§ What to work on:
Skip the pictures. Output only the lines below starting at the line with "Chien en peluche" and ending at the line with "물이 근원지쪽으로 걸어가면", both ends included, exactly as they are.

§ Dataset:
Content starts

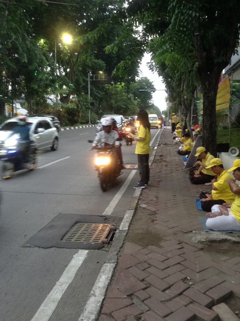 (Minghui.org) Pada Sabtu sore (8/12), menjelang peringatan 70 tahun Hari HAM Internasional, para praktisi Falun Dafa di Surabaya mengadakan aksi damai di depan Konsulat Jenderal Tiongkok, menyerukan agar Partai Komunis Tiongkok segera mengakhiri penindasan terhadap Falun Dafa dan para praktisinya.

Content ends
Content starts

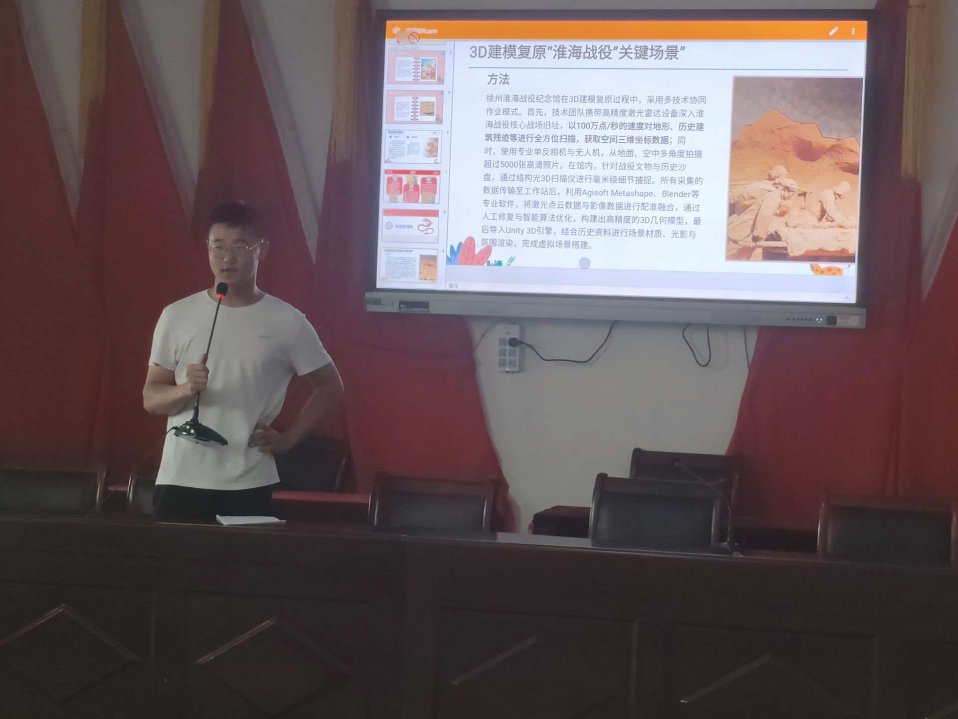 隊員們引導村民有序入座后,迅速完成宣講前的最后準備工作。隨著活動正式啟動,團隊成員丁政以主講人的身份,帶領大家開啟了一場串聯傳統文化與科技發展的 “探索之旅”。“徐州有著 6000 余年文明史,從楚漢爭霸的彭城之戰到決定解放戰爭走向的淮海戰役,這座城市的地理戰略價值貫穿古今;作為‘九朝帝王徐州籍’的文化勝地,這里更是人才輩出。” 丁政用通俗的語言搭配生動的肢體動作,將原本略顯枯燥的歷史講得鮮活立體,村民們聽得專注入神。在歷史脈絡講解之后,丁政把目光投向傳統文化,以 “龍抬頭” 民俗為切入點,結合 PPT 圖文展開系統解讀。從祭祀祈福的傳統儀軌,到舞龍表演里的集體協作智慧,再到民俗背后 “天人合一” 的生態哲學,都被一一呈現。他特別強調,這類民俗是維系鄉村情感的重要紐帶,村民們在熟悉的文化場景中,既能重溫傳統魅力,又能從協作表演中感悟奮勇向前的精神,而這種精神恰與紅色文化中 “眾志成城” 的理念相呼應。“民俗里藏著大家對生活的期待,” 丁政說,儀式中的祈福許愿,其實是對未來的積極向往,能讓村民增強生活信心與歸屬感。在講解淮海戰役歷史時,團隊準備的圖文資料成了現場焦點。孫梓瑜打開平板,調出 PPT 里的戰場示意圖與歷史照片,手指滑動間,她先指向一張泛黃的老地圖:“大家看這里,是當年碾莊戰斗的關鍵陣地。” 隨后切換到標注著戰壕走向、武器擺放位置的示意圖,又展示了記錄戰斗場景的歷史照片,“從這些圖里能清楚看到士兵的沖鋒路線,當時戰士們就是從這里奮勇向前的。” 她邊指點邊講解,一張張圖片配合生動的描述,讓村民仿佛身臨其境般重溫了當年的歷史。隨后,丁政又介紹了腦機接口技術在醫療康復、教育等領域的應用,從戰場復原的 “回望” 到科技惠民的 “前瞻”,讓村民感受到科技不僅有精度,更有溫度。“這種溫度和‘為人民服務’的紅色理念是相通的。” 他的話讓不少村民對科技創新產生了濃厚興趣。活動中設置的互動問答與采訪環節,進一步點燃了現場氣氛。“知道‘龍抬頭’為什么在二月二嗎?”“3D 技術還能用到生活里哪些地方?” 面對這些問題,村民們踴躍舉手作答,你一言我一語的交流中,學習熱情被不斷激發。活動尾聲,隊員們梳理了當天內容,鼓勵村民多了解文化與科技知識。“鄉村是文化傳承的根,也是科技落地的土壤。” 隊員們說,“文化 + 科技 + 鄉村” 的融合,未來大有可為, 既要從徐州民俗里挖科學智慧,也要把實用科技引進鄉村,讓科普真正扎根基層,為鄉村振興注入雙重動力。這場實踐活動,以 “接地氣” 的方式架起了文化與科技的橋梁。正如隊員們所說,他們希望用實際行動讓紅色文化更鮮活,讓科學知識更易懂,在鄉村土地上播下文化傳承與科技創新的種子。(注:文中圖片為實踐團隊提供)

Content ends
Content starts

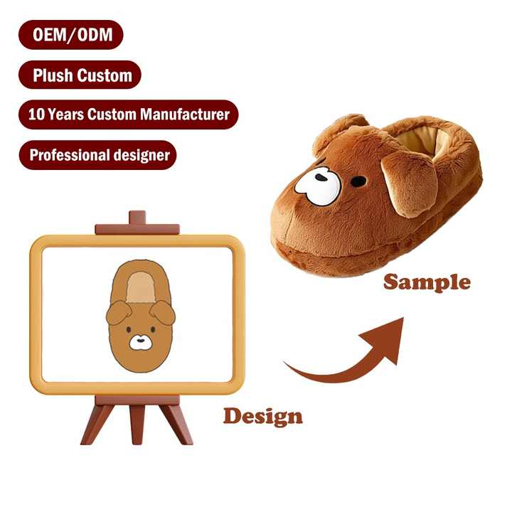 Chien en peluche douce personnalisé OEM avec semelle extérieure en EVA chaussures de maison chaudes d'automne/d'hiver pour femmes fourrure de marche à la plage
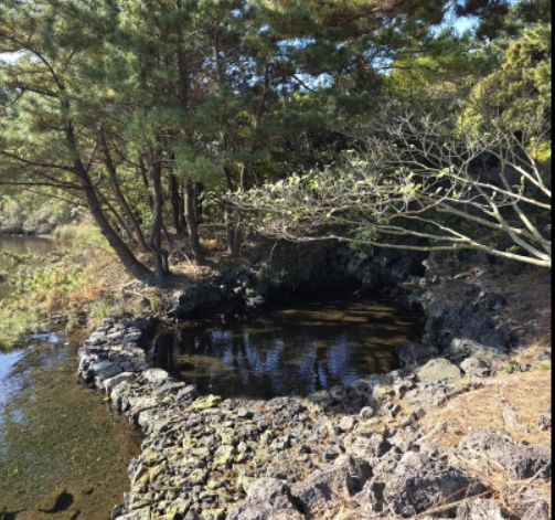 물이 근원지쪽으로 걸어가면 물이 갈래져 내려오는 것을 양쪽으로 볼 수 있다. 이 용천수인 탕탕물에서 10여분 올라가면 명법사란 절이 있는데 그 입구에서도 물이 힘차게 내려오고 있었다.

Content ends

§ Answer to the problem:
 Chien en peluche douce personnalisé OEM avec semelle extérieure en EVA chaussures de maison chaudes d'automne/d'hiver pour femmes fourrure de marche à la plage
 물이 근원지쪽으로 걸어가면 물이 갈래져 내려오는 것을 양쪽으로 볼 수 있다. 이 용천수인 탕탕물에서 10여분 올라가면 명법사란 절이 있는데 그 입구에서도 물이 힘차게 내려오고 있었다.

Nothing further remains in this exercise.